Work instructions
The required output is the lines of the listing from the beginning through the line containing "Measurements: XXS, XS, S, M, L, XL, 2XL, 3XL, 4XL, 5XL", each copied exactly, without any pictures.

++++++++++

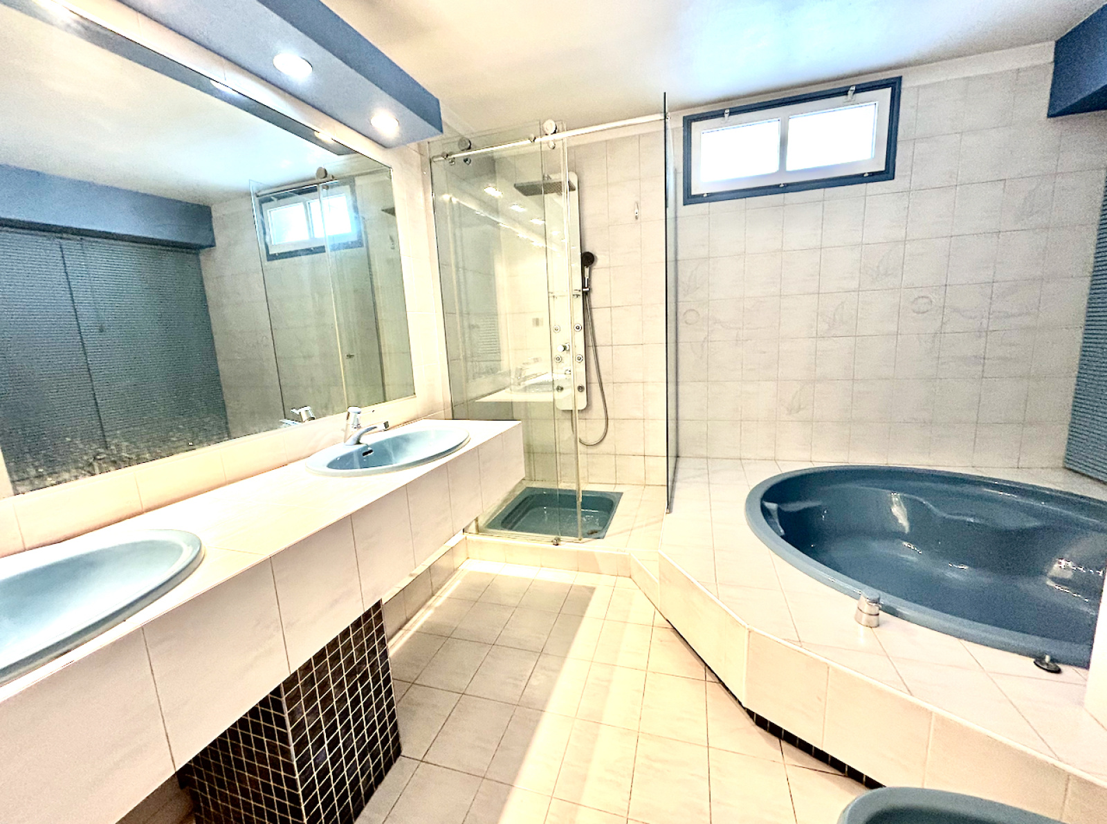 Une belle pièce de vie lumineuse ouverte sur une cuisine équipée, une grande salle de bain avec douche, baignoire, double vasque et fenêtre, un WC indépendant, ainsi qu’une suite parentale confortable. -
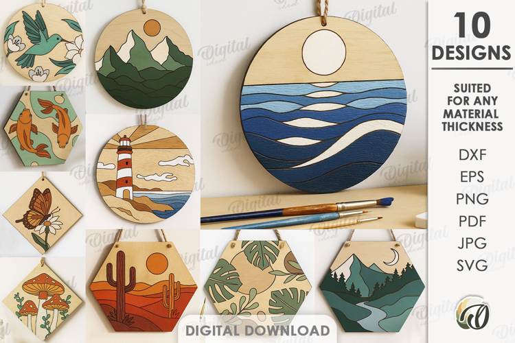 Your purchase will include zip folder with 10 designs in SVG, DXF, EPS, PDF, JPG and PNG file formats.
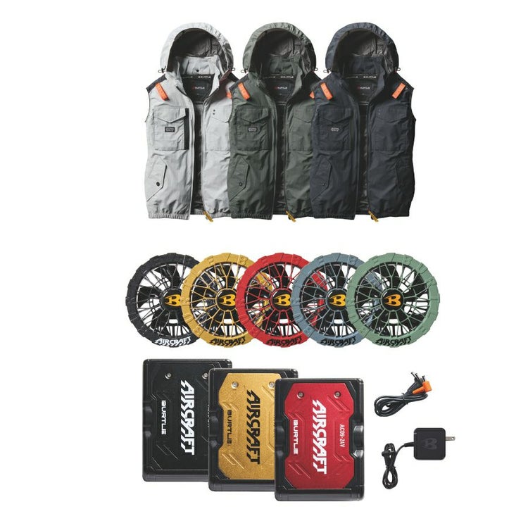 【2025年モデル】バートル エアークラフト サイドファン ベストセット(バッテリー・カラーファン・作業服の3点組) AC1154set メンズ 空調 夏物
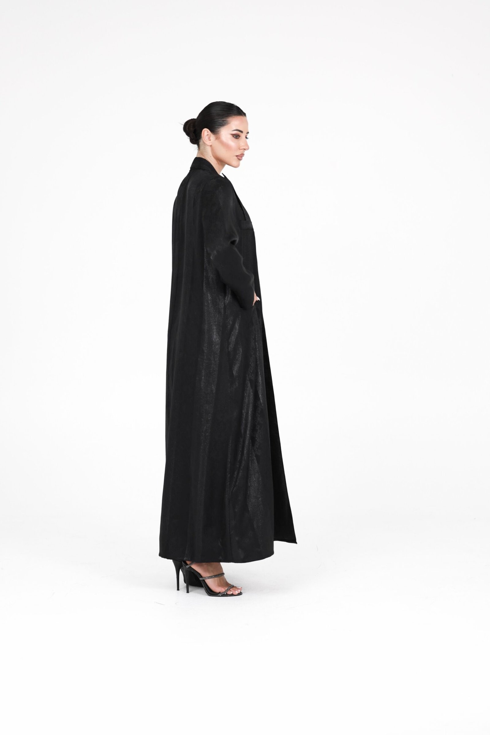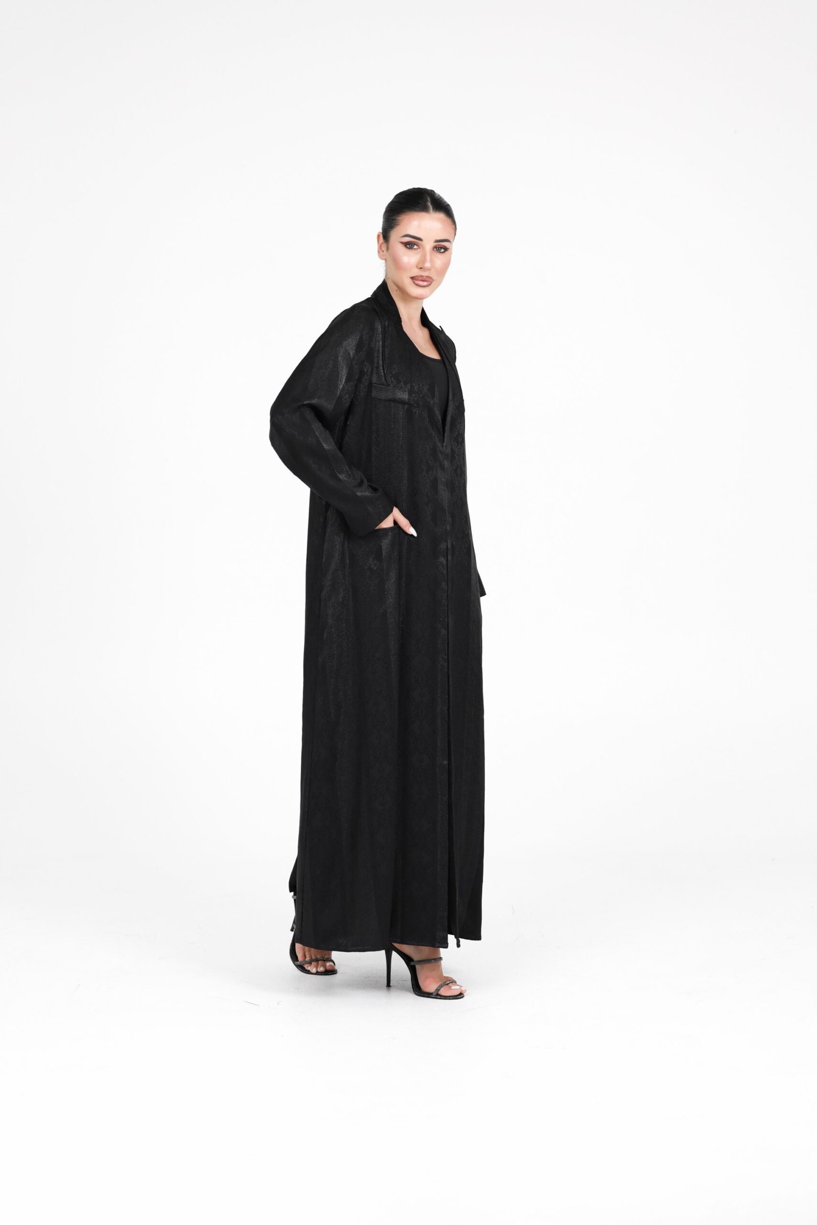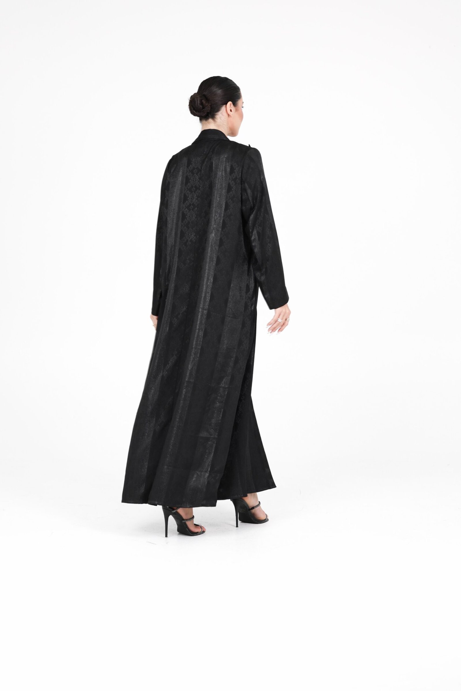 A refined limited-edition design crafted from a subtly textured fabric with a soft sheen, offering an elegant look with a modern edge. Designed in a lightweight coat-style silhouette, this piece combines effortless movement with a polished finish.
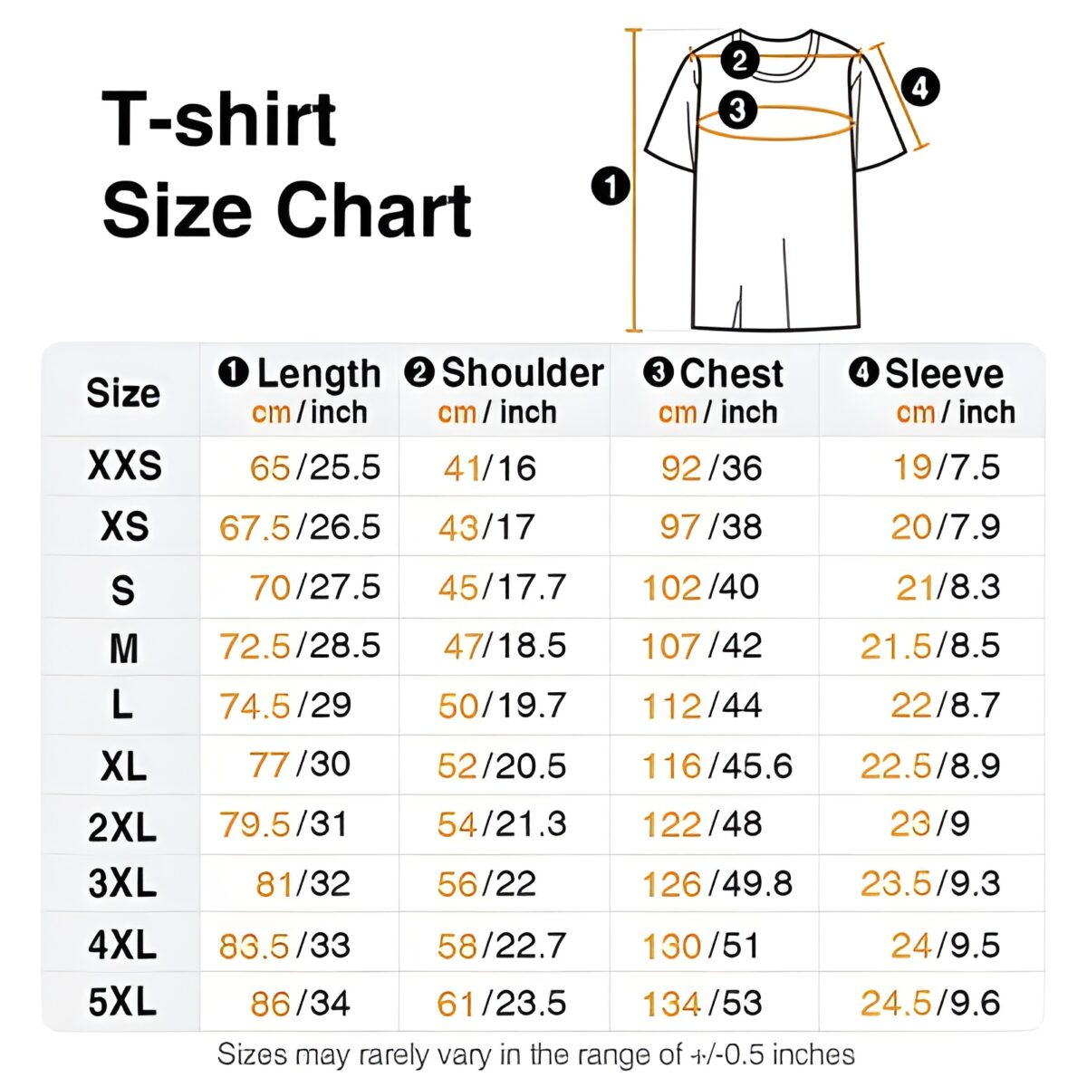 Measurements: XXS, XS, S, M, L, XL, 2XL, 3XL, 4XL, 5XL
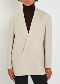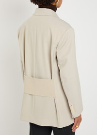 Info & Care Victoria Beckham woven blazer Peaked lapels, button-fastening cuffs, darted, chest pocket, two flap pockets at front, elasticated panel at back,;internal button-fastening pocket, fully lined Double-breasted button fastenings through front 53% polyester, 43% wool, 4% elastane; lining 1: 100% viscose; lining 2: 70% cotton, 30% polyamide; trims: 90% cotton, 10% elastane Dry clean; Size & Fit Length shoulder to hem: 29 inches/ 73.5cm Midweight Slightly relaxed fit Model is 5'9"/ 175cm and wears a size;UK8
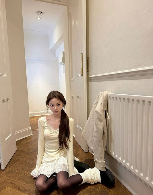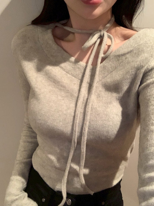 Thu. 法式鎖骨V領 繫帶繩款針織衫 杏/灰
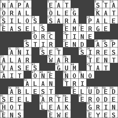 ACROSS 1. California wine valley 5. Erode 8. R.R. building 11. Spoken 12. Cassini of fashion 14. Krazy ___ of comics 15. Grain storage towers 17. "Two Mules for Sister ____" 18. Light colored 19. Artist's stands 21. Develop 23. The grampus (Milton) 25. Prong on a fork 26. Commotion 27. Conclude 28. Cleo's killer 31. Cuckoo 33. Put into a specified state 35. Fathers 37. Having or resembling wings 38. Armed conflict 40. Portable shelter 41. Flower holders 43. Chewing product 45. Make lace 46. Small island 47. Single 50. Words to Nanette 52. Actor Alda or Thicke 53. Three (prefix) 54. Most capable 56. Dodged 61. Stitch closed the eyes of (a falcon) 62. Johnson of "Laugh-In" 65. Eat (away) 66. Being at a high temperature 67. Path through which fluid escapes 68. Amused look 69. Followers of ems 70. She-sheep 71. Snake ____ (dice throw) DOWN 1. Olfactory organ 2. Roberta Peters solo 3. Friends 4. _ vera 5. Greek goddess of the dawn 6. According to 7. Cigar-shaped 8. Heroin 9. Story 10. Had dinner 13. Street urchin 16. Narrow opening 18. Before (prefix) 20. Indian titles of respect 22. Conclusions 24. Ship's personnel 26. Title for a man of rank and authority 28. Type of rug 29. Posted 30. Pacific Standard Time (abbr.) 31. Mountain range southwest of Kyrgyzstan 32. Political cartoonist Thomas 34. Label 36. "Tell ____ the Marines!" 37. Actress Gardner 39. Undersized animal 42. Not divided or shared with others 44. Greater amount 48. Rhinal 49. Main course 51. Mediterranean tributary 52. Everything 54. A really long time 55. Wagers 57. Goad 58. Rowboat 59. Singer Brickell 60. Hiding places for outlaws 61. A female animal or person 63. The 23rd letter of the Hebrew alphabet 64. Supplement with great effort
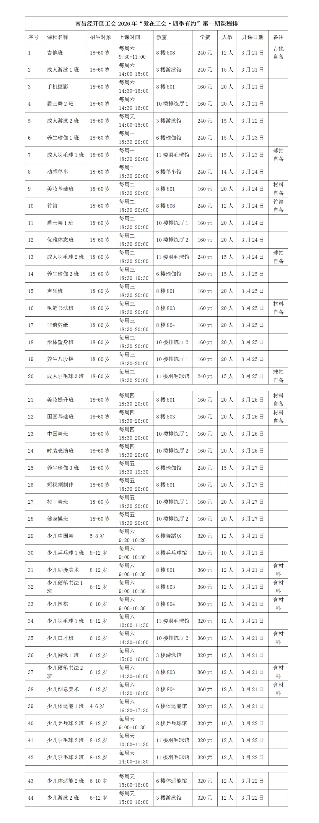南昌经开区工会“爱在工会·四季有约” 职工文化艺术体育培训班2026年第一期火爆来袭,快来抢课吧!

++++++++++

Reply
 Une belle pièce de vie lumineuse ouverte sur une cuisine équipée, une grande salle de bain avec douche, baignoire, double vasque et fenêtre, un WC indépendant, ainsi qu’une suite parentale confortable. -
 Your purchase will include zip folder with 10 designs in SVG, DXF, EPS, PDF, JPG and PNG file formats.
 【2025年モデル】バートル エアークラフト サイドファン ベストセット(バッテリー・カラーファン・作業服の3点組) AC1154set メンズ 空調 夏物
 A refined limited-edition design crafted from a subtly textured fabric with a soft sheen, offering an elegant look with a modern edge. Designed in a lightweight coat-style silhouette, this piece combines effortless movement with a polished finish.
 Measurements: XXS, XS, S, M, L, XL, 2XL, 3XL, 4XL, 5XL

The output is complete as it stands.